Opisana Idea przybiera kształt w księgach, obrazach, posągach, kościołach, ich ołtarzach itp. Znajdujemy go tam w tysiącach węgierskich kościołów, w imieniu kościoła, w obrazie ołtarzy głównych i bocznych. Powszechnie wiadomo, że Maryję należy przedstawiać wyłącznie w koronie generalskiej. Jedynym wyjątkiem jest reprezentacja z węgierską Świętą Koroną. Matka Boska przedstawiona z węgierską Świętą Koroną jest nie tylko ozdobą kościołów naszego kraju, ale znajduje się także w Rzymie, w podkościele kilka metrów od grobu św. Piotra. Można ją znaleźć w Jerozolimie, Nazarecie itp., a także w Csíksomlyo jako Babba Mária, jako „Piękna Maryja Panna” z naszej litanii – jest obecna w legendach, opowieściach ludowych, stylu życia i pieśniach ludowych Węgier ludzie. Ale istnieje również w stosunkach politycznych, dyplomatycznych i międzypaństwowych.

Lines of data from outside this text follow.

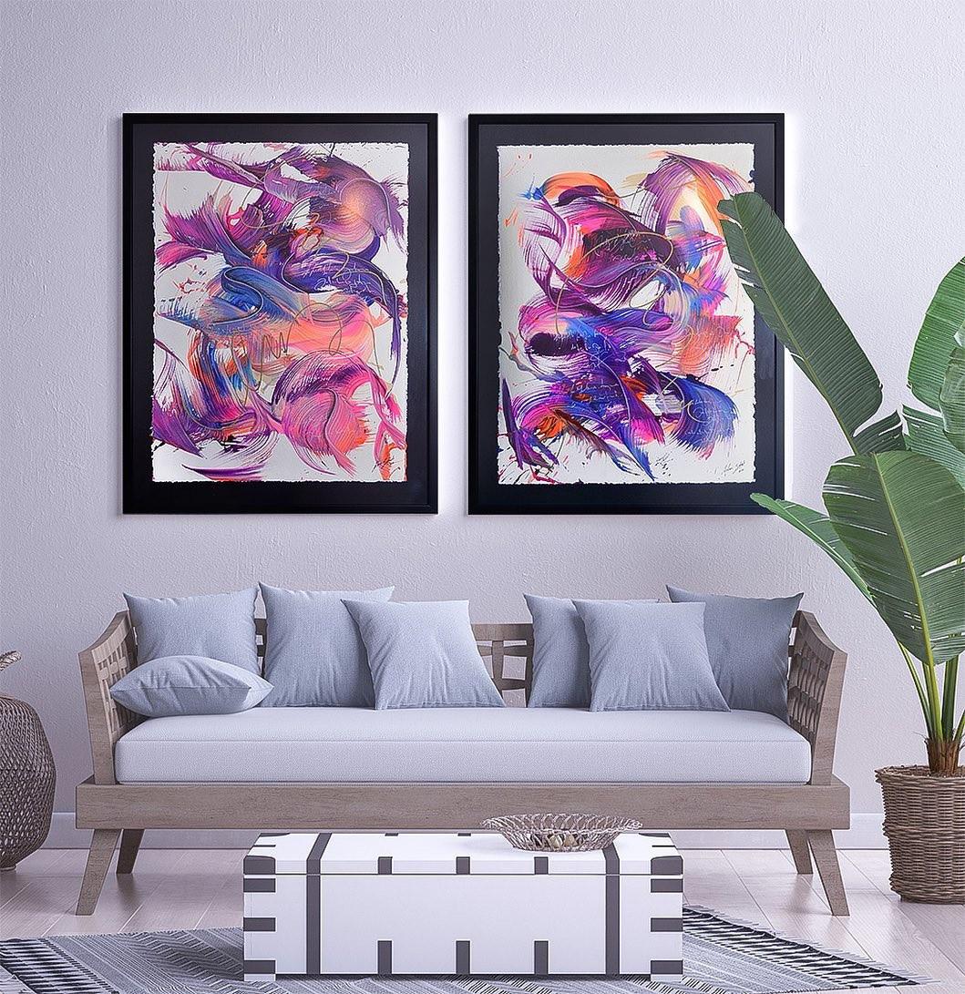 acrilicos sobre papel texturado Enmarcado en fondo blanco y marco negro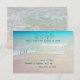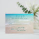 Create your own beach scene wedding or event RSVP cards. Tropical blue water and beach sand is the background image for printed black text. Include the reply by date and attendance information. Include a line for the number of guests attending, or don't. It is easy to customise this simple reply card. Reverse has a beach sand image. See more like this in our "By the Sea" collection of products.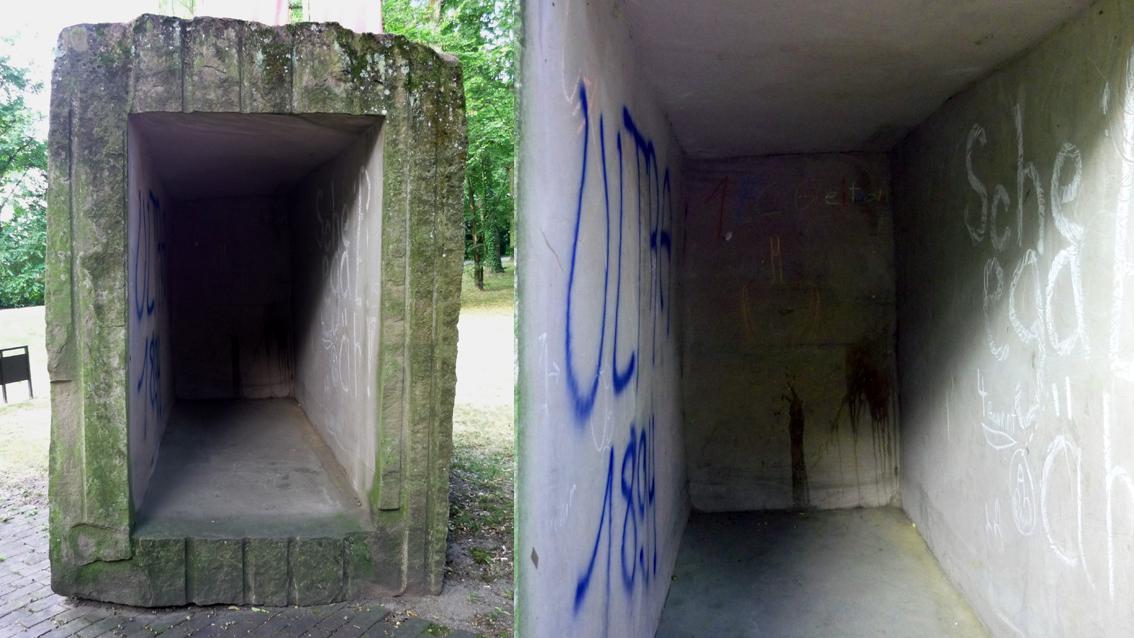 Die Steinskulptur ‚Hohlblock II‘ bildet einen begehbaren Raum mit einem glattgeschliffenen Innen und einem rauen Außen. In ihrer archaischen Anmutung repräsentiert sie die Urform von Behausung. Die Größe nimmt Bezug zum menschlichen Maß. Das Kunstwerk steht für elementare Gegensätze, ausgeführt in entschiedener Einfachheit. Hans Michael Franke wurde am 26.September 1963 in Hanau geboren. Von 1988 bis 1993 studierte er Bildhauerei an der Staatlichen Akademie der Bildenden Künste in Karlsruhe bei Hiromi Akiyama. Er verstarb am 14.November 2014 in Sinsheim.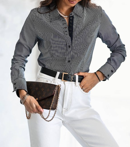 Biało-granatowa koszula body Melodi to wyjątkowy produkt, który został stworzony z myślą o młodym pokoleniu kobiet. Wykonana z wysokiej jakości materiału i starannie uszyta, ta koszula zachwyci Cię swoją jakością oraz niską ceną. Została zaprojektowana w pionowe pasy, które dodają jej elegancji i stylu. Koszula posiada guziki, co umożliwia łatwe zakładanie i zdejmowanie. Jest to idealny wybór dla kobiet, które cenią sobie komfort oraz modny wygląd. Ta biało-granatowa koszula body będzie doskonałą opcją na wiele okazji - zarówno do pracy, jak i na spotkanie ze znajomymi. Wybierz ją już dziś i poczuj się wyjątkowo!

„Teoria Świętej Korony łączy przynależność do Świętej Korony z ludami żyjącymi na terytorium Świętej Korony, bez względu na język, religię, rasę czy narodowość. Nawet dzisiaj członkiem Świętej Korony jest (może być) ten, kto uznaje prymat Wielkiej Pani, która oświadcza, że należy do Świętej Korony: jest jej częścią, czy to Chorwatem, Słowakiem, Rumunem itd. . W ten sposób ważność powszechnej idei członkostwa w Świętej Koronie jest fundamentem równości między narodami, a także proklamuje jedność rodzaju ludzkiego. Ta jedność może więc przejawiać się w jednym państwie, ale może też być przynależnością do Świętej Korony odrębnie zorganizowanych części, jak to miało miejsce w przypadku Chorwacji i Węgier przez osiemset lat. Jeśli rozwój historii postawi na porządku dziennym jedność autonomii, to „węgierskie” powołanie członków Świętej Korony będzie „powołaniem ludu Najświętszej Maryi Panny”, jak to było za czasów „węgierskich” członkostwo, które było używane jako termin polityczny. Oni także, jako wybrańcy Opatrzności, wypełniają plan Opatrzności, którą dyrektor historii świata wyznacza jako członka Korony Świętej aż do skończenia świata.